日本代表の軌跡
2022 FIFAワールドカップ。日本代表はベスト16で敗退しました。
4年前、西野監督の後を受けた森保一監督が、就任当初から掲げてきた、「W杯ベスト8」の夢は、今回は叶えることができませんでした。
しかし、ご存知のように、グループリーグでは、かつての優勝国であるドイツやスペインを破るなど、着実な進歩をみせてくれました。
「ドーハの悲劇」から29年。代表全員がJリーガーだった(ゴンと吉田はJFLでしたっけ)あの頃がウソのように、日本代表は、海外チームで活躍する選手ばかりになりました。
かつてあった「海外組」と「国内組」の軋轢も、遠い昔のできごとのようです。
この29年の間には、「マイアミの奇跡」「ジョホールバルの歓喜」や、6度のW杯出場、オリンピックでの健闘もありました。
「アイコンタクト」「ゾーンプレス」「フラットスリー」「黄金の中盤」「考えて走る」「ショートパス」「デュエル」「縦への速さ」などを経て、ACミランやマンチェスターUなど、ビッグクラブに移籍する選手も生まれるようになりました。

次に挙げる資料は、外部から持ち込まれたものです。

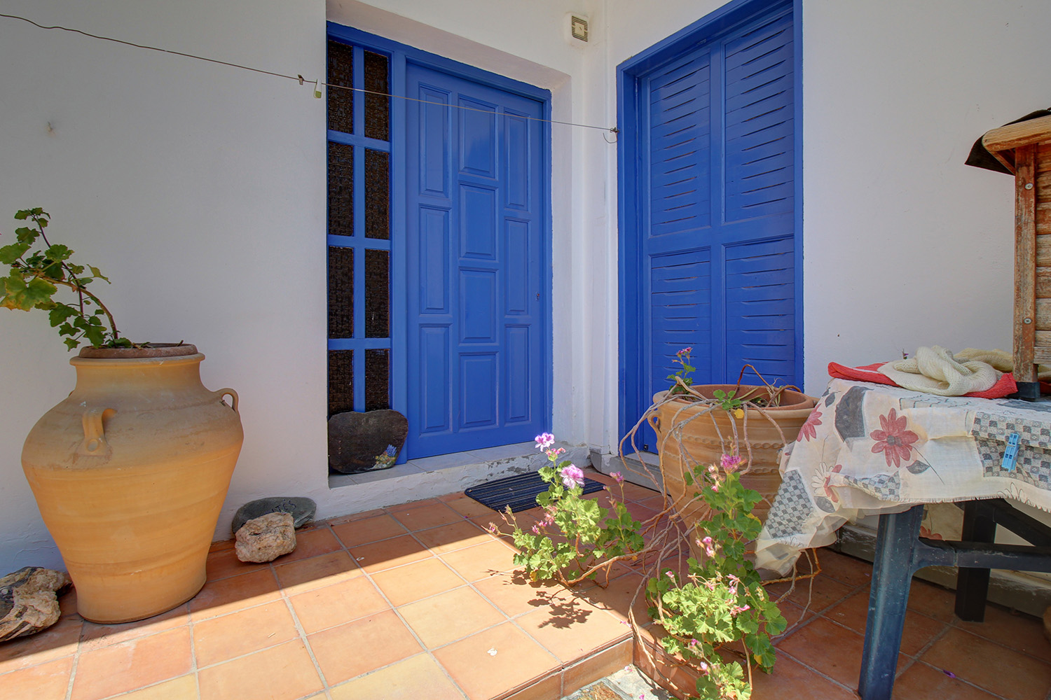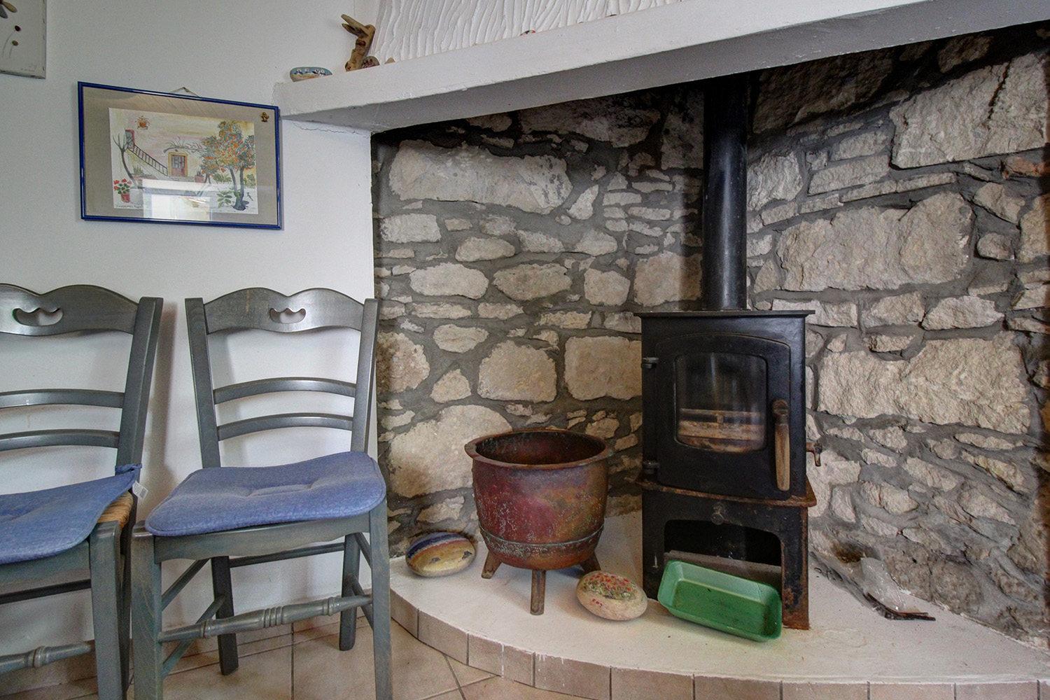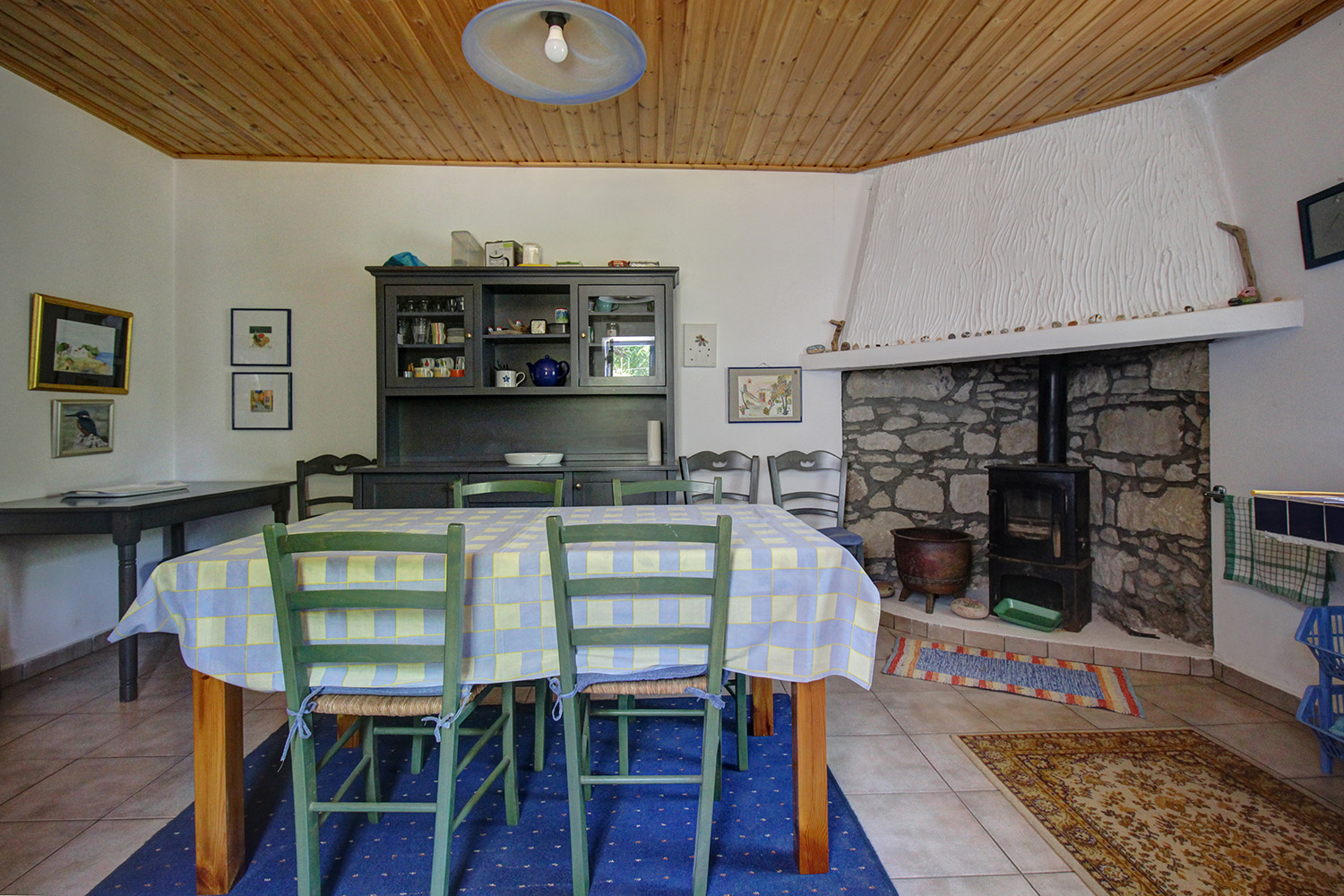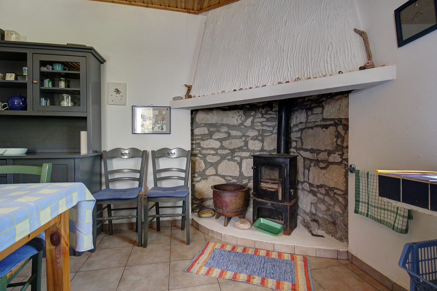 The house is stone built. If you renovate it you will probably be able to highlight the old walls in order to have an impressive rustic residence. The building follows the traditional layout of Cretan farmhouses, in which all the spaces are connected to each other in a row while at the same time have direct access to the courtyard. There are two entrances, from the kitchen or from a corridor that leads to the living space, the bathroom and the bedroom. An additional room has been separated in order to become a storage space and has access only from the outside but can very easily accommodate a small guestroom or an office. The plot has remaining buildable area if you want to extend the residence or even to add an extra floor. The home is suitable for holiday use and has two wood burning stoves that are enough to heat all the rooms.

一方で、「サンドニの悲劇」など、つまずきも多々ありました。「史上最強」とも言われた、ジーコ監督率いる2006年ドイツW杯の代表チームは、あえなくグループリーグで散り、代表の象徴だった中田英寿は、その大会限りで引退。「黄金世代」の円熟期は、世界の壁にはじき返されてしまいました。

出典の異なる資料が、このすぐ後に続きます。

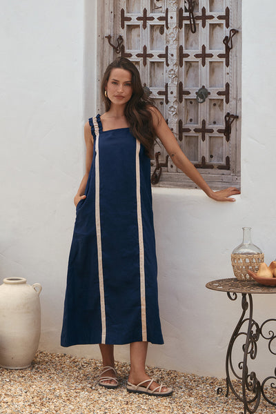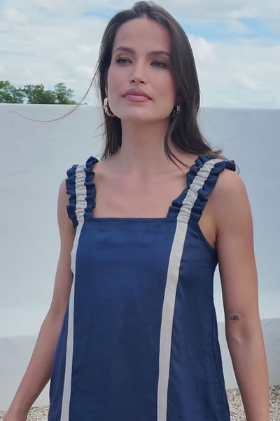 Claire Linen Frill Sun Dress in Natural Splice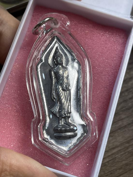 พระพุทธ 25 ศตวรรษ เนื้อชินปรอท (พิมพ์นิยม มีเข็ม) พร้อมเลี่ยมกรอบเงินแท้ งาน 92.5% ขึ้น งานมือหนึ่ง กรอบหนา รมดำ สวยๆ classic. |
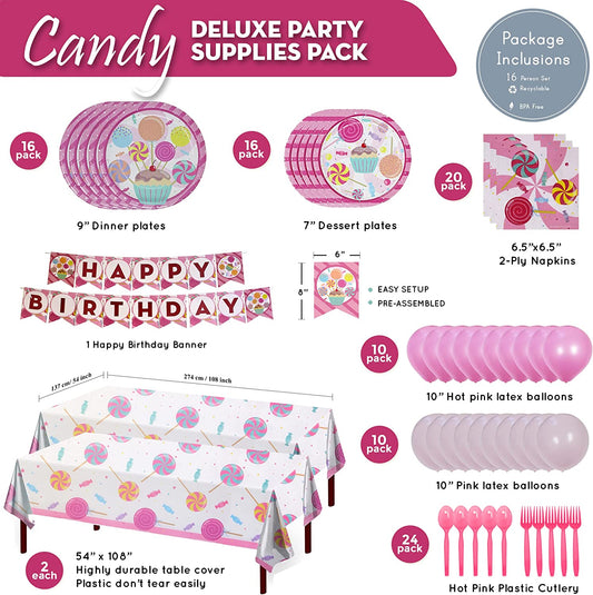 Candy Deluxe Party Supplies Packs (For 16 Guests)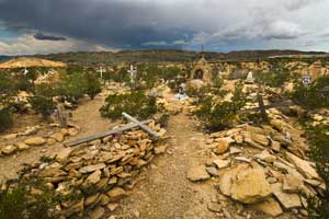 The cemetery shown in the photo in Terlingua’s ghost town rests about 400 souls, mainly from the early part of the 20th century when the mining town thrived for four decades. Aging wooden crosses and cone-shaped dirt and rock mounds called “relicaritos” mark the graves. The graves are predominately of middle-aged Hispanic men who died from the dangers of the area’s mercury mining. The cemetery is still in use.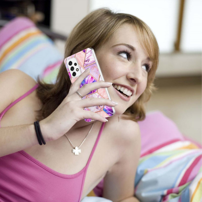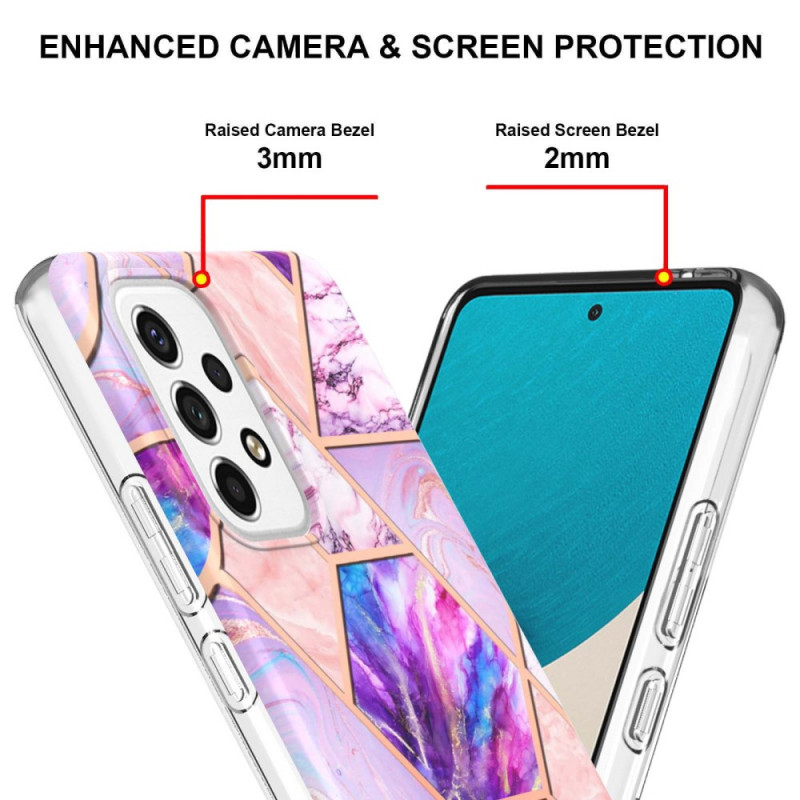 Een Flashy, marmer-achtige Geometrische hoesje ontworpen om uw Samsung Galaxy M53 5G te beschermen.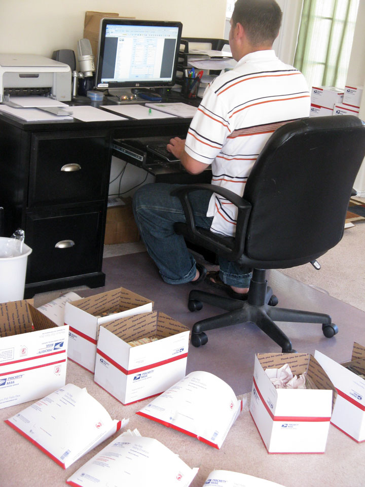 He packs the orders and puts them by the door - then he bags them up and the postman comes to our door and takes the packages from there.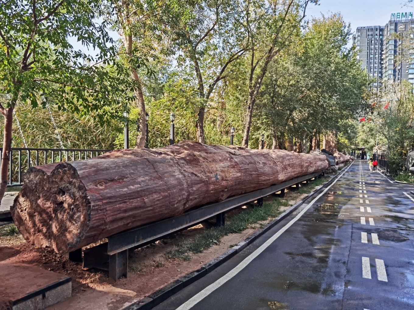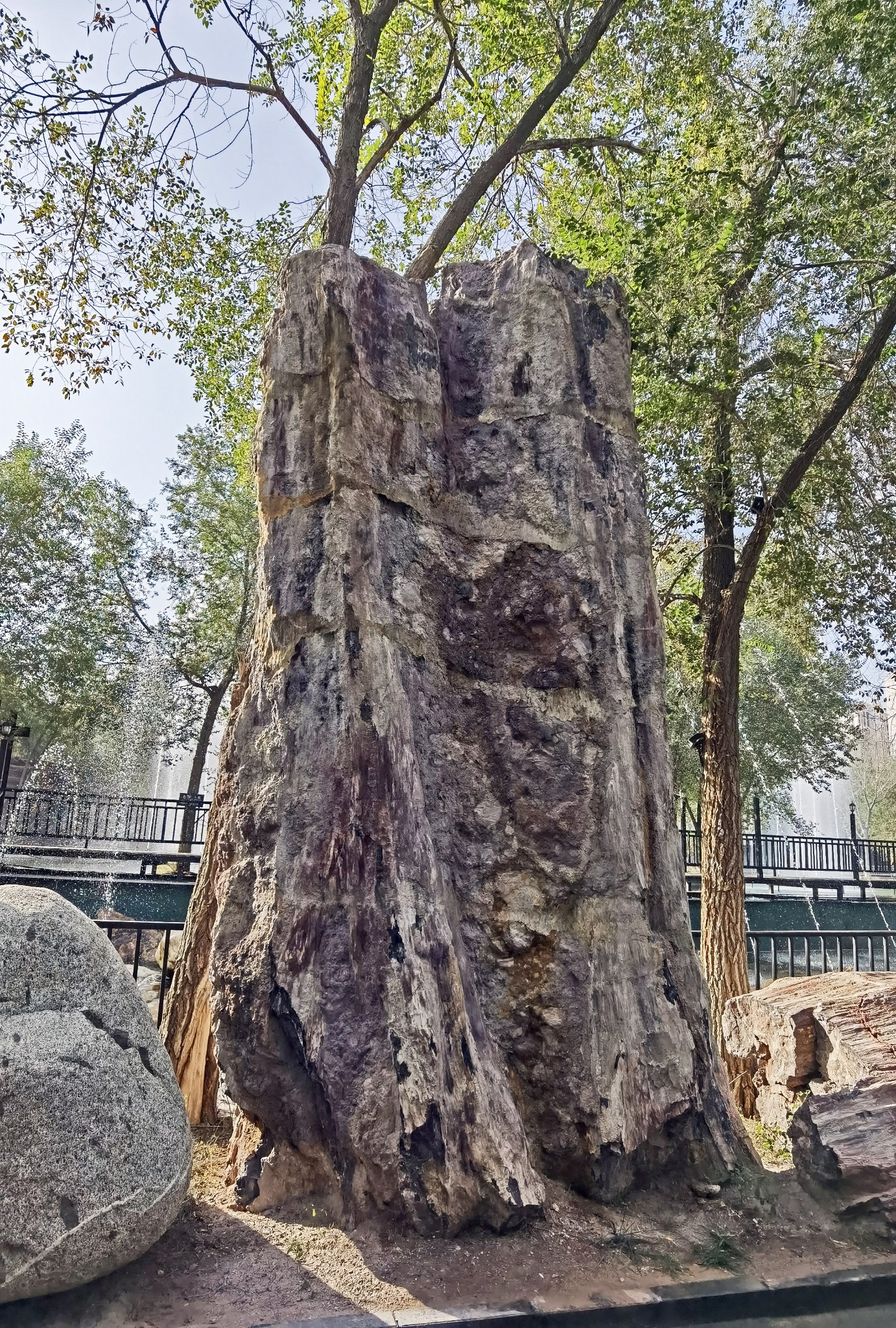 这里最长的一棵硅化木有43米,是全国最长的硅化木之一。因为它太长,它只能“躺”着。这里还“躺”着十几棵30多米长的硅化木 。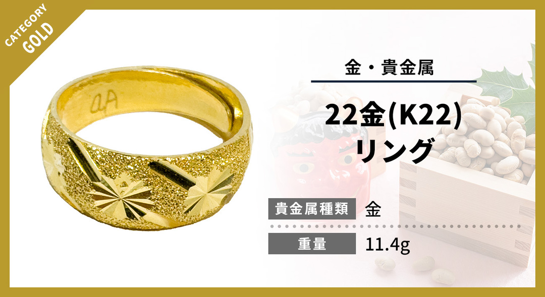 今回のお品物は、純金に近い高品位を誇る22金(K22)のリング。

W杯でも、大会ごとにグループリーグ敗退とベスト16進出を繰り返し、一進一退の中、日本代表は成長してきました。
もう「ドーハの奇跡」「ドーハの歓喜」ではない
29年前の「ドーハの悲劇」に対し、今回のドイツやスペイン戦での勝利のことが「ドーハの奇跡」「ドーハの歓喜」と報道されています。
「ドーハの悲劇」を目撃し、現在に至るまでの一進一退を、ともに歩んできたメディアやサポーターが、かつての「悲劇」を振り払いたいのでしょう。
あるいは、当事者だった森保監督自身も、そうなのかもしれません。
その気持ちは痛いほどわかります。私もかつて、「ドーハの悲劇」を目撃し、「外れるのはカズ、三浦カズ」に驚き、鈴木隆行のつま先ゴールに震え、「急にボールが来たから」に落胆し、駒野の肩を抱く松井大輔の姿に涙し、前回のベルギー戦のラストプレイに天を仰ぐなど、日本サッカーの歴史の激流の中を、代表チームとともに歩んできたファンだからです。
今回、ドイツ戦の勝利は「奇跡」「歓喜」でよいと思います。かつて悲劇に見舞われた地で、格上だと思われていたチームに逆転で勝利したのですから。
そういう意味では、スペイン戦に勝利し、グループリーグを突破したことまでを「奇跡」「歓喜」としてもよいでしょう。スペインもドイツもW杯優勝経験国ですし、そのグループを突破することができたのは、喜ぶべきことだからです。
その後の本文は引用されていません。